Officers who searched Linford’s home also found cannabis weighing scales and messages on the iPhone showed him to be concerned in the supply of drugs. Ms Jabbari told the court that the Crown’s stance was that Linford is a ‘street dealer’ motivated by a ‘financial’ or similar advantage.
She added that Linford had committed the offences while subject to a referral order from the youth court in April 2016 for an earlier drug-dealing offence.
Defending, Richard Dawson told the court that the defendant had been ‘naive, immature and frankly stupid’, but that he was now actively working to change his lifestyle and was travelling from Accrington to Altrincham daily for work.
He said: “Whilst he was dealing he was dealing to subsidise his own misuse but he was also dealing to try and repay his debt and keep the dealers from his door.

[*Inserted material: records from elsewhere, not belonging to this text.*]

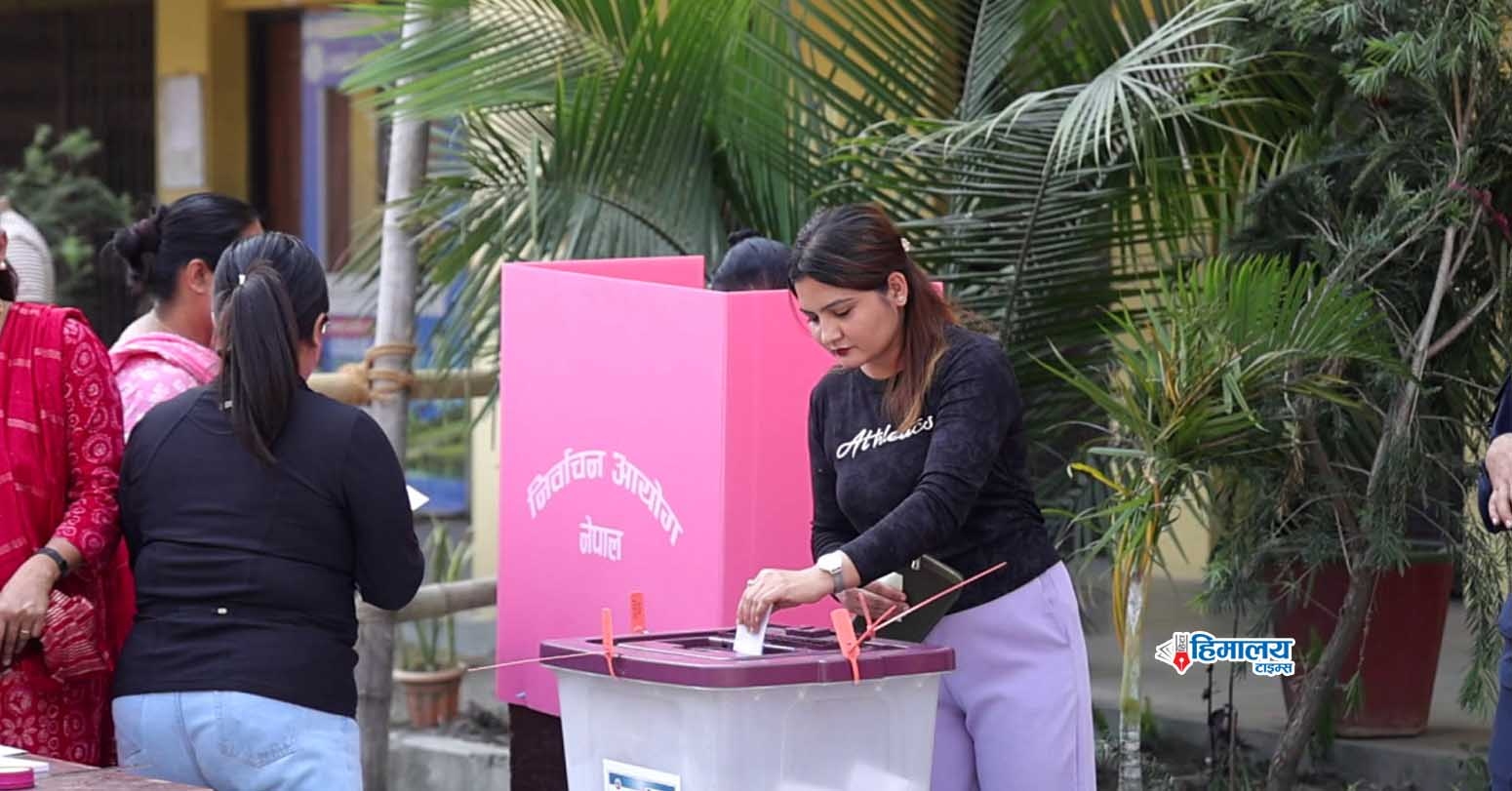 Kathmandu, March 5: Nepali Congress President Gagan Kumar Thapa, exercised his right to vote at the Mayurkunda Polling Centre at Maitidevi Temple in Kathmandu.
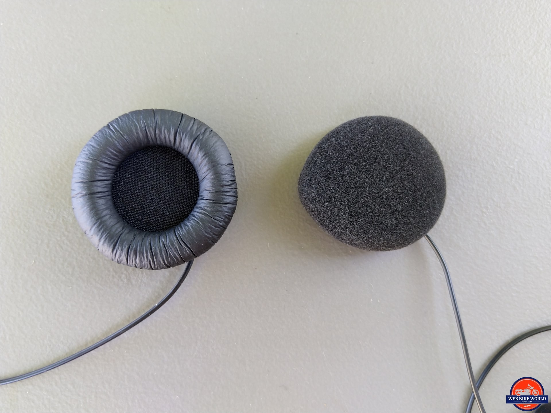 The speakers in the thick padded covers are about ~20mm or 0.78in thick, whereas the speakers in the thin foam speaker covers are ~14mm or 0.55in thick. This quarter-inch or so is very noticeable regarding helmet interior clearances vis-à-vis the ears (seen below).
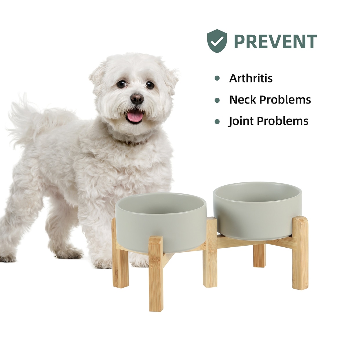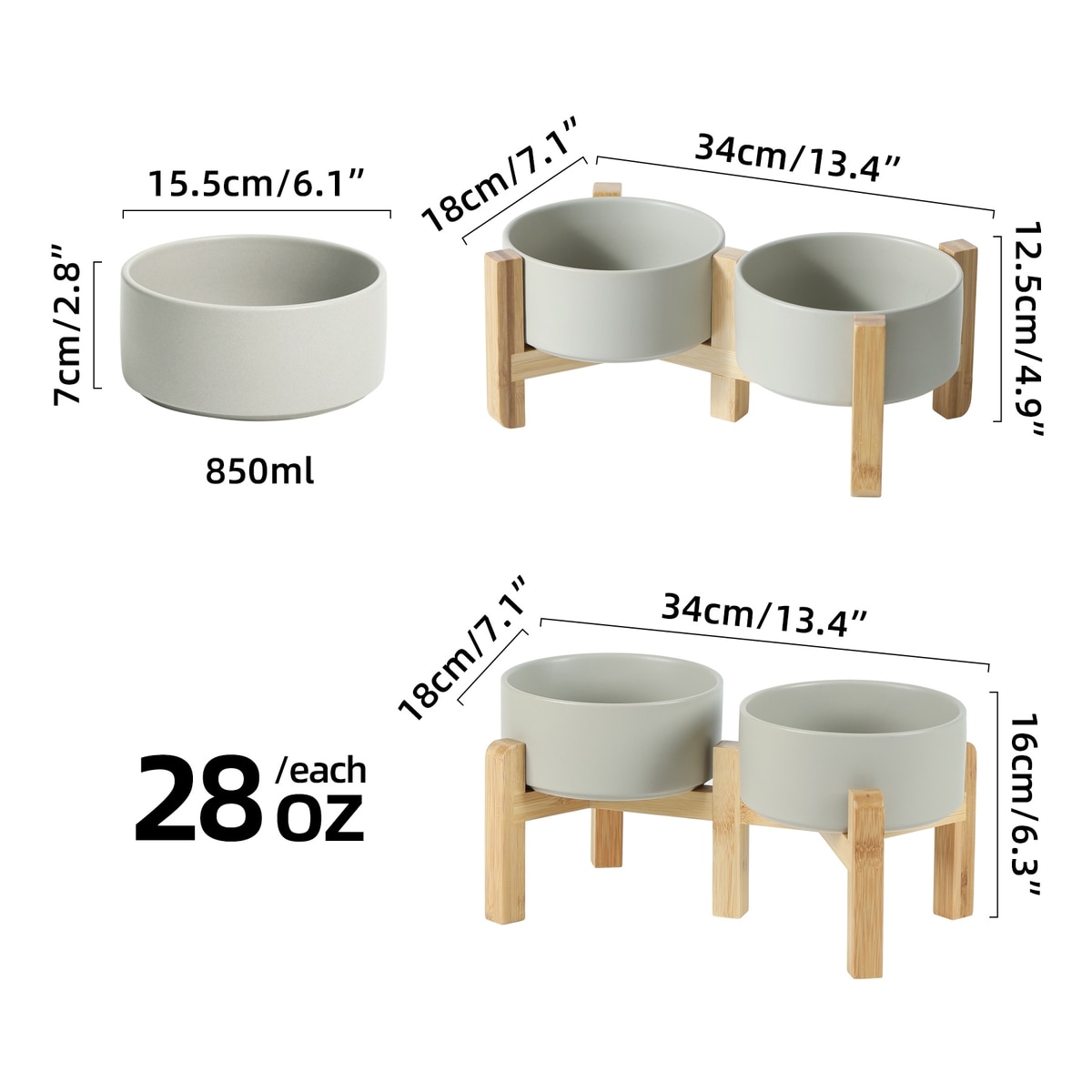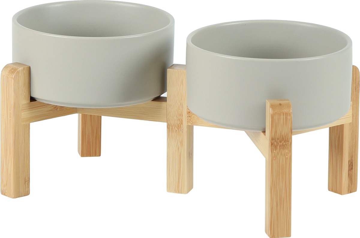 Havniva Ceramic Raised Dog Double Bowl Set with Stand, Grey, 6-in

“He has desisted in his cannabis use and he has found work. There are green shoots of hope, he is moving on in a positive fashion and repaying his debt to society.”
Linford wept in the dock as Recorder Mukhtar Hussain QC told him he would not be sending him into custody, but handed him a sentence of 15 months in a young offenders’ institute, suspended for 18 months.
Recorder Mukhtar Hussain QC told Thomas Linford he was giving him ‘a chance’ by not jailing him.
He said: “The consequences on those that become addicted to drugs can be devastating. You yourself know that, because you have got involved and built up a debt in relation to drugs and threats were made - yet you carried on.
“The most obvious sentence would be to send you into custody immediately. The public interest clearly requires you to go to prison but that has to be balanced against your circumstances, that means your early guilty plea, your relative youth.
“The reason I am going to change and give you a chance is because of the references I have read, what is set out in the pre-sentence report. I am also impressed that you have the family support and that you have gone into employment.
“There will be no further chances. Those two convictions remain on your record. The court will know you have got two offences relating to drug dealing.”
Linford must pay a statutory surcharge of £140, and forfeiture and destruction orders were placed on the scales, snap bags and his personal phone.